§ REQUIREMENT: The reply must contain exactly the lines below from the one with "农村一层小别墅,经济大气,这" down to the one with "女性未来最希望购买的奢侈品类", both included, and nothing more; please omit the pictures.

§ DATA LISTING:
--------------------------------
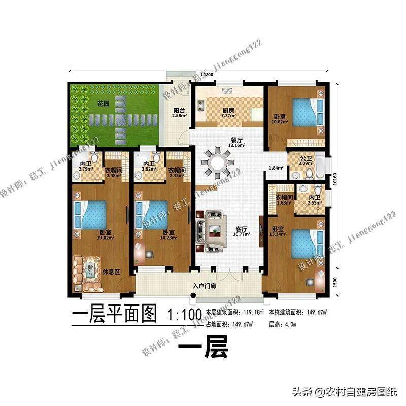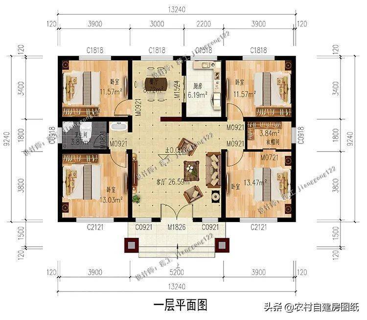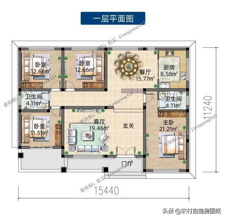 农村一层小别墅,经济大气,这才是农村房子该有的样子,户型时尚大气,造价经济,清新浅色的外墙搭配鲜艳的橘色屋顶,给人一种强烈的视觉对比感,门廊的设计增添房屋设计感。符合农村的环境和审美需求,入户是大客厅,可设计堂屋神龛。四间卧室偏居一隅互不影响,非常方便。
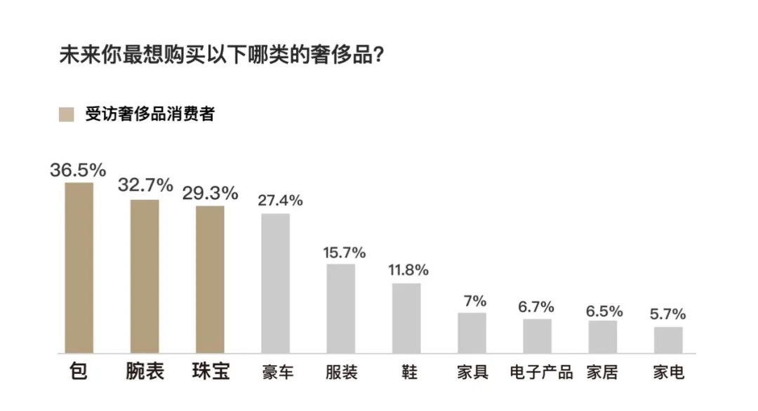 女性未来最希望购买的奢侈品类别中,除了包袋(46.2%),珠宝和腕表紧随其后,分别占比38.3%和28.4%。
--------------------------------
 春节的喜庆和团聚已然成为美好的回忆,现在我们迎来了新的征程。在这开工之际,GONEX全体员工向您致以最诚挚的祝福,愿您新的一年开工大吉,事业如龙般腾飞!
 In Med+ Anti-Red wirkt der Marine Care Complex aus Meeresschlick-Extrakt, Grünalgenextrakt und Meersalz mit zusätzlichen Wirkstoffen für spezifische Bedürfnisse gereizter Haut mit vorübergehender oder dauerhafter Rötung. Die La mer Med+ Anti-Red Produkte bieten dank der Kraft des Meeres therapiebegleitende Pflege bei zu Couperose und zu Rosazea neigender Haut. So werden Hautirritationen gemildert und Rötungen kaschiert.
--------------------------------
§ RESULT OF THE EXERCISE:
 农村一层小别墅,经济大气,这才是农村房子该有的样子,户型时尚大气,造价经济,清新浅色的外墙搭配鲜艳的橘色屋顶,给人一种强烈的视觉对比感,门廊的设计增添房屋设计感。符合农村的环境和审美需求,入户是大客厅,可设计堂屋神龛。四间卧室偏居一隅互不影响,非常方便。
 女性未来最希望购买的奢侈品类别中,除了包袋(46.2%),珠宝和腕表紧随其后,分别占比38.3%和28.4%。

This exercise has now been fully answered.